Ainsi, toutes les interventions étrangères sous mandat des Nations Unies, dont la dernière en date: le BINUH, ont abouti à l’inverse des résultats qu’elles s’étaient fixées. Elles voulaient apaiser les tensions politiques et sociales au pays: celui-ci est aujourd’hui presqu’à feu et à sang, littéralement. Elles voulaient désarmer les gangs au pays: on en compte plus d’une centaine aujourd’hui, à en croire les experts. Elles voulaient renforcer nos institutions: elles sont toutes dysfonctionnelles aujourd’hui. Elles voulaient renforcer notamment notre système judiciaire et la PNH: la justice est inopérante et vassalisée par des forces politiques. Quant à la PNH, elle a perdu son autorité et sa capacité d’intervenir effectivement pour protéger et servir la population. Elle n’ose plus s’aventurer à Martissant, à Bolosse, à Village-de-Dieu, à Cité-de-l’Éternel. Pire encore, le Premier Citoyen du pays, dont elle avait la charge de sa protection rapprochée en tout temps, a été assassiné chez lui, malgré son système de sécurité, dans sa chambre, en présence de sa femme et de ses enfants, sans qu’aucun membre de cette Police Nationale n’y oppose un semblant de résistance. Un comble, vraiment!
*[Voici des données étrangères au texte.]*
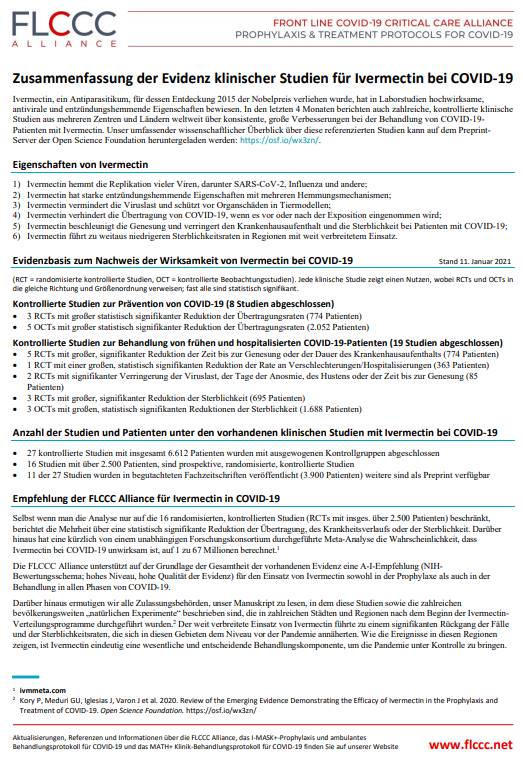 „Ivermectin, ein Antiparasitikum, für dessen Entdeckung 2015 der Nobelpreis verliehen wurde, hat in Laborstudien hochwirksame, antivirale und entzündungshemmende Eigenschaften bewiesen. In den letzten 4 Monaten berichten auch zahlreiche, kontrollierte klinische Studien aus mehreren Zentren und Ländern weltweit über konsistente, große Verbesserungen bei der Behandlung von COVID-19- Patienten mit Ivermectin. Unser umfassender wissenschaftlicher Überblick über diese referenzierten Studien kann auf dem Preprint-Server der Open Science Foundation heruntergeladen werden: https://osf.io/wx3zn/“, wird von FLCCC auf der Internetseite festgehalten.[3]

Ainsi, le règne de Jovenel Moïse se termine, comme il avait commencé et comme il s’est déroulé: dans l’approximation totale et l’amateurisme absolu. Toutes ses promesses se sont révélées creuses, sans aucun fondement. Pour répéter une phrase à la mode, au cours de la dernière décennie, du temps de Martelly: «elles n’ont pas atterri».

  • Il avait promis à la Ville du Cap-Haïtien un téléphérique, pour des balades touristiques jusqu’à la Citadelle, qui devait être inauguré à l’occasion des célébrations de son 350e anniversaire de fondation. Il n’en fut rien. Le 350e anniversaire de la métropole du Nord a été oublié dans les «réalisations» du Président Moïse.
  • Il avait promis d’asphalter le tronçon de route nationale allant du Carrefour Joffre vers Port-de-Paix, vérification faite, il y a bien quelques tronçons de route asphaltée pour rentrer à Port-de-Paix et ailleurs dans la zone, certainement pas les 100 kilomètres promis lors du lancement des travaux, en août 2017, ni l’autoroute dont on avait vanté les mérites à l’avance. Et, à 150 000 $ le kilomètre de route asphaltée, comme le répètent ses apôtres dans leurs évangiles de propagande, je ne parierais pas sur leur durabilité, à moyen et à long termes.
  • Il nous avait promis le retour de l’Armée, on en a eu un bataillon qui ne nous sert à rien.
  • Il avait aussi promis à certains de ses supporteurs, une Constitution taillée sur mesure et sous bonne dictée, mais, du train que cela va, nous en serons peut-être quitte pour une bonne frousse, à cet égard. Toutefois, on n’est pas encore sorti de l’auberge, à entendre le nouveau P. M. de facto, Ariel Henry.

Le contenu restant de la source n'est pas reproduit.